> **DATA FOR PROCESSING**
┄┄┄┄┄┄

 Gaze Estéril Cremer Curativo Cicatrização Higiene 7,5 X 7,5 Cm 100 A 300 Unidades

┄┄┄┄┄┄

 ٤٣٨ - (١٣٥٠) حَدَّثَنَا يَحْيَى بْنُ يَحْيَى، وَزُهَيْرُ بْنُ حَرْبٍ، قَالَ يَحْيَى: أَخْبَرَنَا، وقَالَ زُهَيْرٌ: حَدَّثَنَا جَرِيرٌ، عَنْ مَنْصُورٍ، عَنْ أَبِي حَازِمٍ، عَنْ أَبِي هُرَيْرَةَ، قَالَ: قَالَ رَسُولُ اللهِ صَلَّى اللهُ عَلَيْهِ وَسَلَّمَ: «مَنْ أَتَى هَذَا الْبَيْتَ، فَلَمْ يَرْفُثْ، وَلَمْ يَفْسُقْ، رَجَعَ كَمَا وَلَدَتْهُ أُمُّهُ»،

┄┄┄┄┄┄

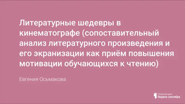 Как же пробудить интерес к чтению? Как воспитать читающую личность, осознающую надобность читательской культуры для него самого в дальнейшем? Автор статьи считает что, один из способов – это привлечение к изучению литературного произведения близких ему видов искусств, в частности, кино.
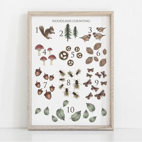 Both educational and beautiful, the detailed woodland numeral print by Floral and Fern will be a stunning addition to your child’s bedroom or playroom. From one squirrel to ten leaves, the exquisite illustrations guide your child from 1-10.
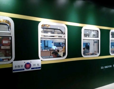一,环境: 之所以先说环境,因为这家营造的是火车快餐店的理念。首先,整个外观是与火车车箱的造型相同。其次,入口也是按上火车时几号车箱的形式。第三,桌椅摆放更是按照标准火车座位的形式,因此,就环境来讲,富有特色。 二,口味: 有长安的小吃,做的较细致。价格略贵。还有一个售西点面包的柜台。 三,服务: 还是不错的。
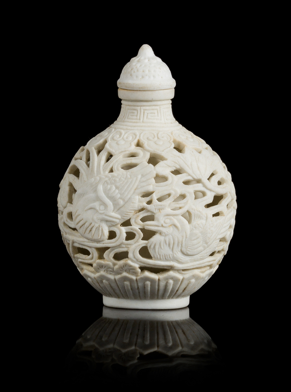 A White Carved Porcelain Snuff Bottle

┄┄┄┄┄┄

> **WHAT THIS TASK INVOLVES**
In the records above, find the line with "Both educational and" and the line with "A White Carved Porcelain Snuff Bottle"; please transcribe exactly those two lines and all lines between them, omitting any picture.

> **PROBLEM SOLUTION**
 Both educational and beautiful, the detailed woodland numeral print by Floral and Fern will be a stunning addition to your child’s bedroom or playroom. From one squirrel to ten leaves, the exquisite illustrations guide your child from 1-10.
一,环境: 之所以先说环境,因为这家营造的是火车快餐店的理念。首先,整个外观是与火车车箱的造型相同。其次,入口也是按上火车时几号车箱的形式。第三,桌椅摆放更是按照标准火车座位的形式,因此,就环境来讲,富有特色。 二,口味: 有长安的小吃,做的较细致。价格略贵。还有一个售西点面包的柜台。 三,服务: 还是不错的。
 A White Carved Porcelain Snuff Bottle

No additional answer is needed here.